Complexities of Community Development Finance

Juan Sanchez In theory, the concept "community development finance" suggests a broad set of activities that usually includes innovative, flexible financial products designed to channel investments into disadvantaged communities where markets don't function well on their own.

How the concept plays out in practice varies widely depending on the needs of the community and the resources available. Some practitioners view community development finance through a lens of affordable housing, while others think more in terms of small business enterprise development. But regardless of the perspective, development and finance organizations must join forces to address risks and challenges.

One of the most important things I've learned in my years of community development experience is that the risks and challenges differ—sometimes greatly—even among similar deals. It is therefore extremely important to understand the potential problems and benefits of a particular project when approaching finance. A combination of financing products that complement each other helps to mitigate the level of risk and improve the long term viability of each project.

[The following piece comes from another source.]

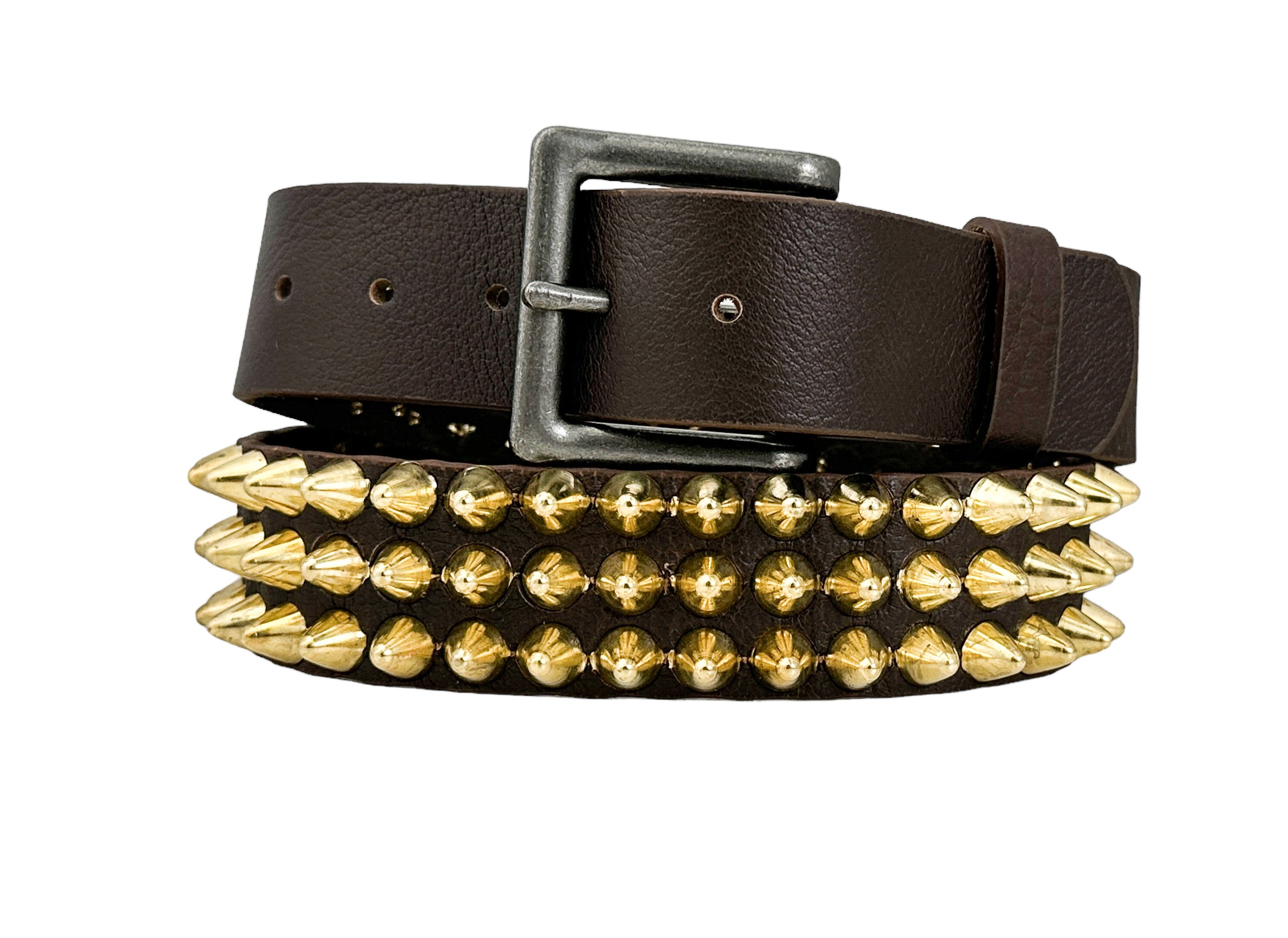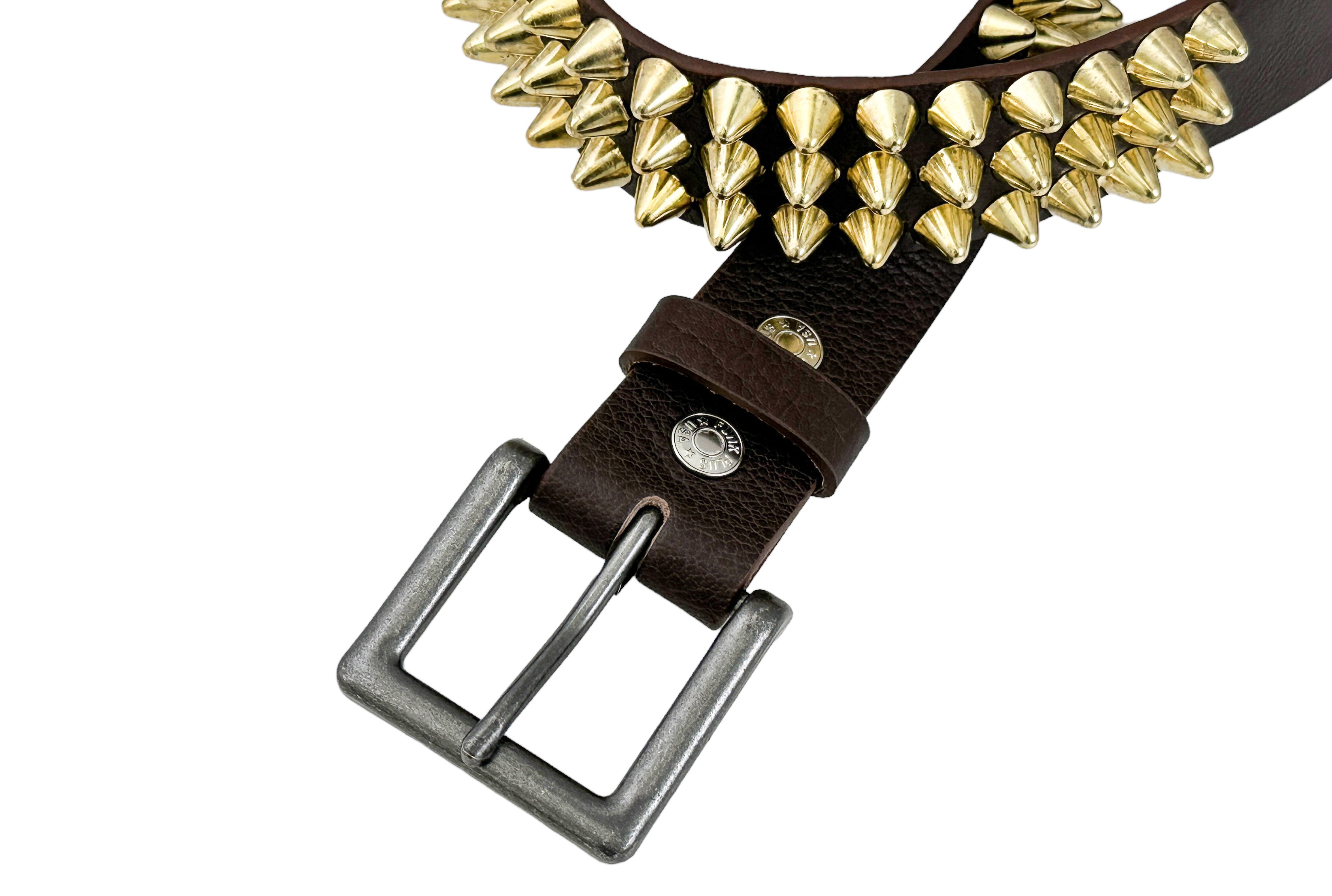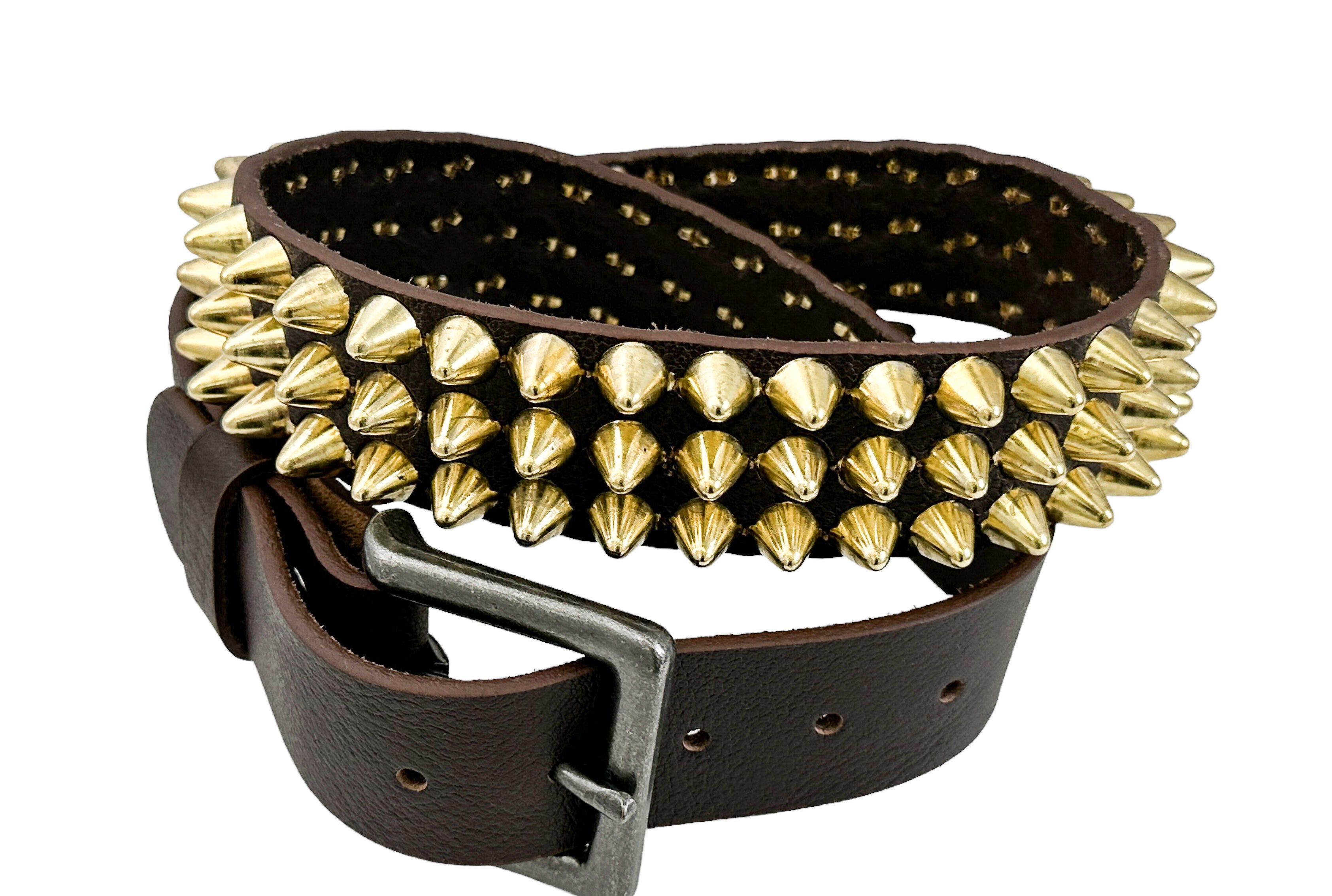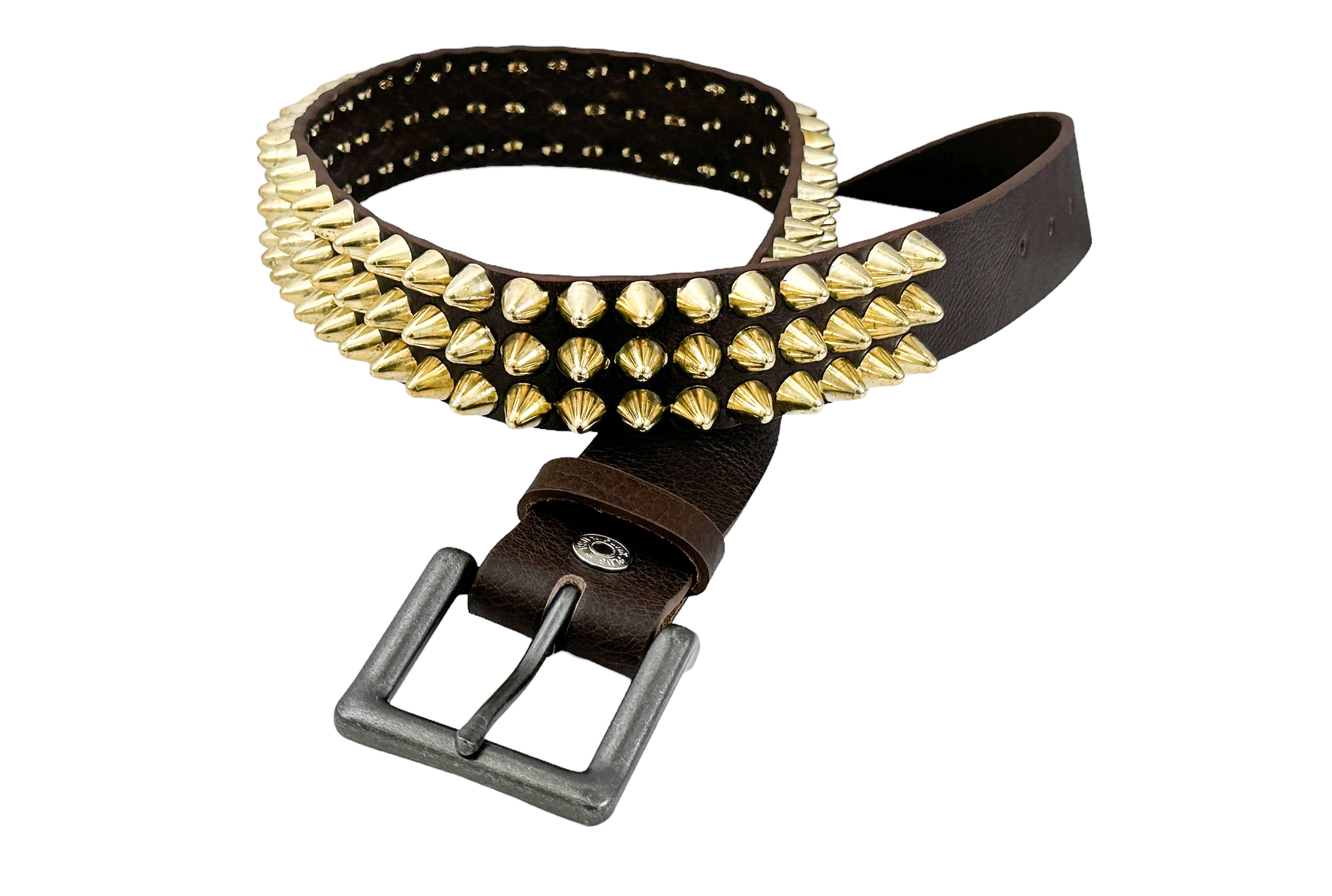 BROWN LEATHER THREE ROW GOLD UK77 CONE STUDDED GENUINE LEATHER BELT

Renewing brownfield sites seems to be one of the most challenging community development activities. According to the Environmental Protection Agency (EPA), a brownfield is 'real property, the expansion, redevelopment, or reuse of which may be complicated by the presence or potential presence of a hazardous substance, pollutant, or contaminant.' The U.S. has approximately 450,000 brownfields, many of which are located in or near industrial parks.

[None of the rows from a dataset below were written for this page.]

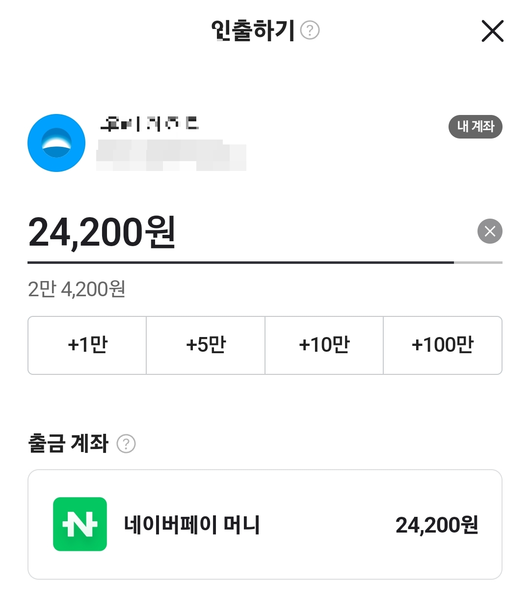 4. 은행 계좌를 연결한 뒤 인출하기를 눌러 인출 할 금액을 입력합니다. 인출하는 금액은 수수료 없이 전액 인출이 가능합니다.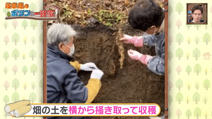 山をとことん楽しんでいるご主人は、農業にも稼業の経験を活かしていた。一般的にはパイプを使い横に栽培する自然薯(じねんじょ)を自然に近い縦に伸ばせるようにと、4tトラックの荷台を再利用して土を盛った。そうすることで粘り気が強く風味豊かな自然薯が育つという。掘り出すときには仕事で使う重機で荷台を持ち上げる。こんな栽培ができるのも、林業を手がけるご主人ならでは。なんと毎年550本を栽培。販売目的ではなく、社員やお世話になった人たち100人に配るという。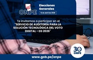 Informamos que la Oficina Nacional de Procesos Electorales (ONPE) ha lanzado una convocatoria que abre una interesante oportunidad para las firmas especializadas en auditoría tecnológica. Se trata del Servicio de Auditoría para la Solución Tecnológica del Voto Digital – EG 2026, cuyo proceso se encuentra disponible en la plataforma SEACE bajo el requerimiento N.° 1382. Los interesados podrán presentar sus consultas y observaciones técnicas hasta el 4 de setiembre de 2025. Con esta iniciativa, la ONPE ratifica su apuesta por la transparencia y la participación en el desarrollo del voto electrónico en nuestro país.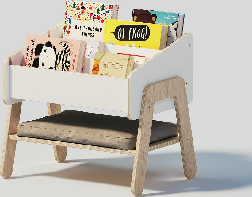 Balení obsahuje polici na knihy/sedátko. Knihy ani hračky nejsou součástí balení.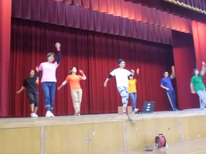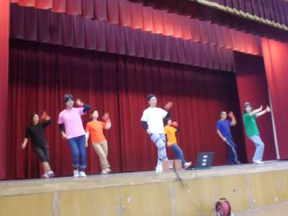 二つ目は,「ちっぽけな勇気」という曲でヒップホップを踊りました。歌のはじめに手話を取り入れ,リズムにのって楽しく踊りました。観客の皆さんの手拍子で更に盛り上がることができました。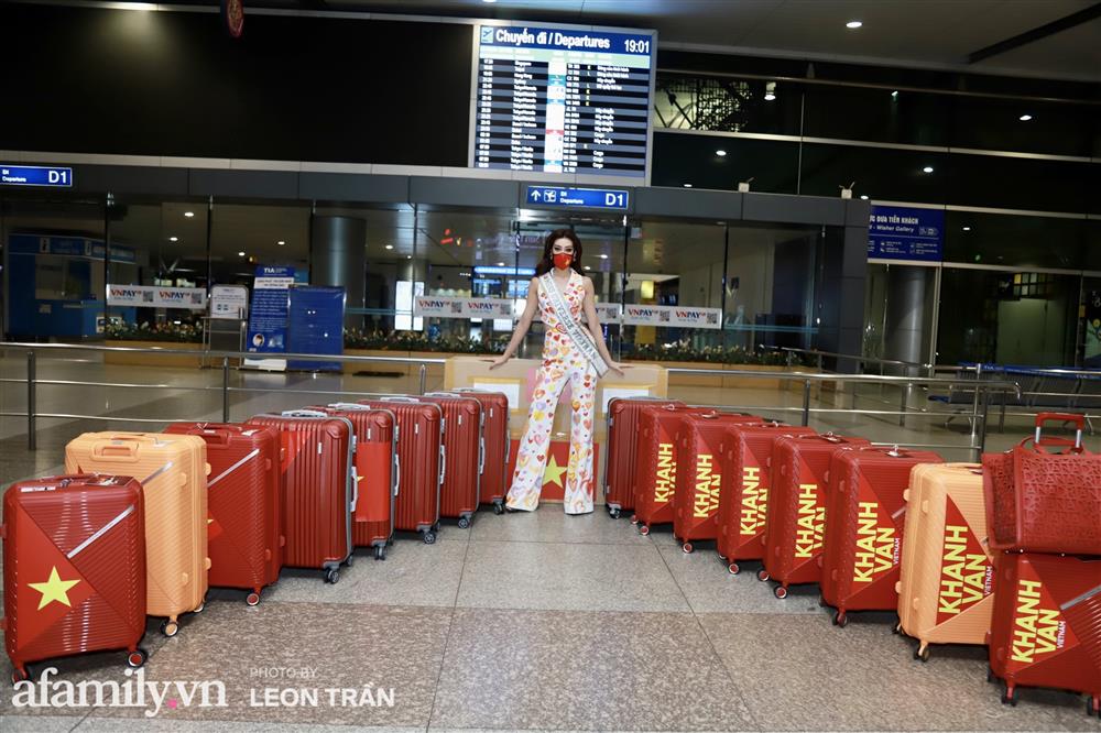 Và không thể không nói đến khoản chuẩn bị trang phục kỹ lưỡng của Khánh Vân. Ngay từ khi ra sân bay cô đã gây choáng khi mang theo đến 15 vali hành lý. Tất cả vali đều lấy tông đỏ - cam làm chủ đạo như đại diện cho hình ảnh Quốc kỳ Việt Nam. Dù không hé lộ chính xác về số quần áo, phụ kiện mang theo nhưng không khó để nhận ra, Khánh Vân đã chuẩn bị vô cùng kỹ càng, quyết tâm cao độ tại cuộc thi lần này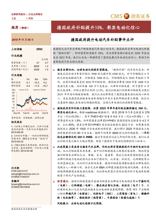 【海通证券】【20191105】德国政府提升电动汽车补贴事件点评:德国政府补贴提升50%,彰显电动化信心-4页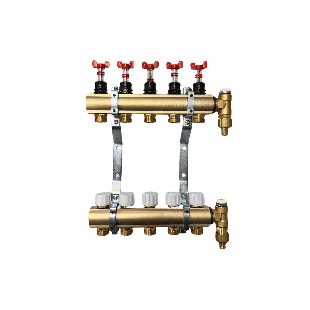Rozdzielacz ogrzewania podłogowego, przeznaczony do rozdzielenia medium grzewczego na poszczególne pętle. Belki mosiężne profilowe 1" o wysokości profilu 39mm. Wyposażenie: przepływomierze z tworzywa do 2,6L/min z nyplami na belce zasilającej, zawory termostatyczne M30x1,5 z nyplami na belce powrotnej, trójniki odpowietrzająco spustowe, zawory spustowe.

The large number of sites and the potential for redevelopment present financial institutions with great opportunities. But banks must be acutely aware of the immediate and inherent risks associated with these types of deals. In addition to applying standard bank underwriting principles such as analysis of cash flow, debt service coverage and maximum loan-to-value guidelines, lenders must also address nontraditional factors to mitigate the level of risk of each brownfield project.

When using different layers of financing, it is important to understand the guidelines of each product including terms, conditions and limitations of guarantee. It is also critical to determine the level and class of contaminants found in a specific site through site and/or soil sample assessments prior to consummating a deal. Furthermore, lenders should mitigate their liability by complying with specific criteria that protect them from the Comprehensive Environmental Response, Compensation, and Liability Act (CERCLA).

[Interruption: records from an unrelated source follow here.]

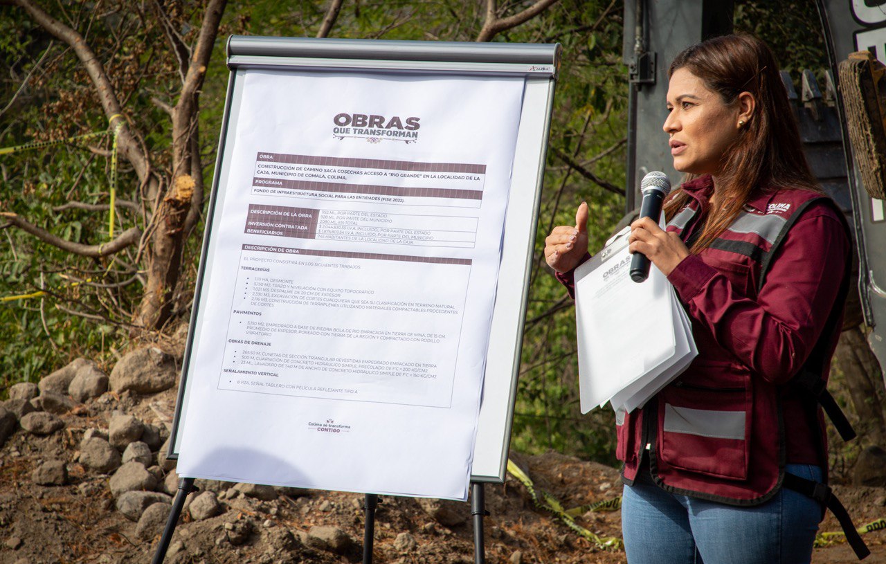 Este martes, la gobernadora del estado de Colima, Indira Vizcaíno Silva, inició una #ObraQueTransforma y que beneficia a 745 habitantes, referente al camino sacacosechas La Caja – Río Grande, en Comala, a través del Fondo de Infraestructura Social para las Entidades (FISE), con inversión de un millón 995 mil 563 pesos, por parte del Gobierno del Estado y un millón 185 mil pesos por el ayuntamiento comalteco.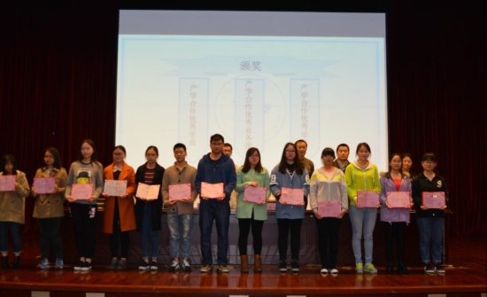 会上,于凯副院长宣读产学合作教育优秀学员、产学合作教育优秀业务报告作者、产学合作教育优秀论文奖的获奖名单并由主席台各位领导为获奖同学颁发奖状。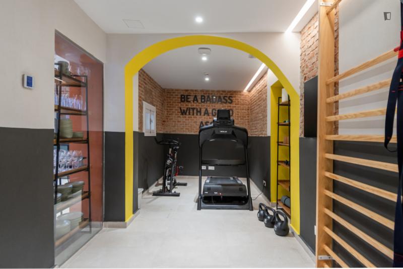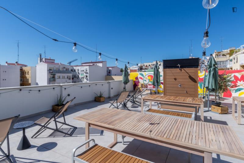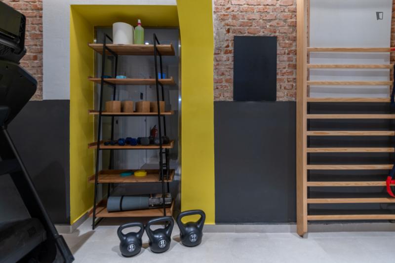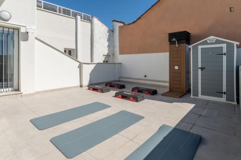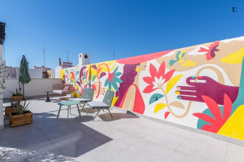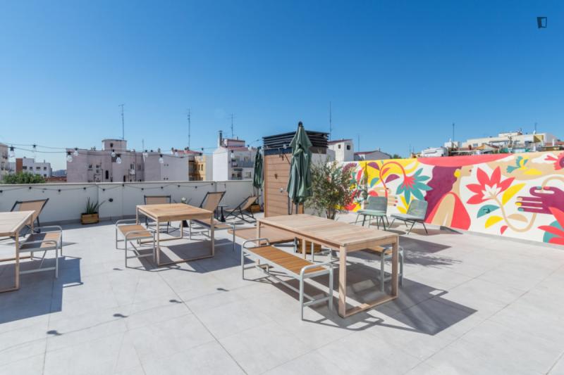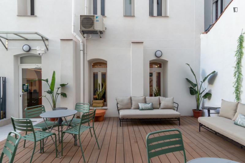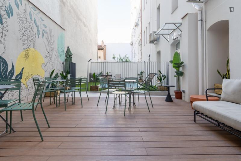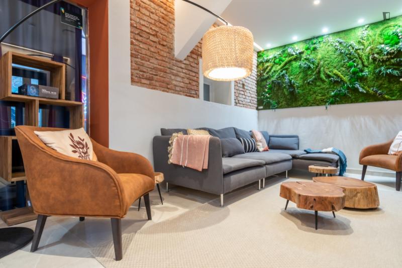 This coliving offers 57 units and boasts 370 m2 of shared spaces. Residents can enjoy a garden, a swimming pool, terraces with barbecues, a coworking area, a gym, a cinema room, a relaxation zone, an event space, and a communal kitchen. Please notice this landlord only accepts young professionals and not students. Also, the notice period to terminate your contract is 30 days, with the minimum stay of 3 months to be respected.

The EPA has taken a proactive role to inform lenders of the steps required to establish exemption from CERCLA liability. The Federal Reserve Bank of Atlanta recently held a forum with the EPA and industry professionals in our New Orleans Branch to help educate the local banking community. Other forums of this type are planned throughout the country.

The Atlanta Fed encourages financial institutions to participate in such training programs to gain a deeper understanding of both the opportunities and the complexities associated with unique community development finance deals. This type of training will enable banks to set up strong programs that ensure proper due diligence in assessing and mitigating lender risk.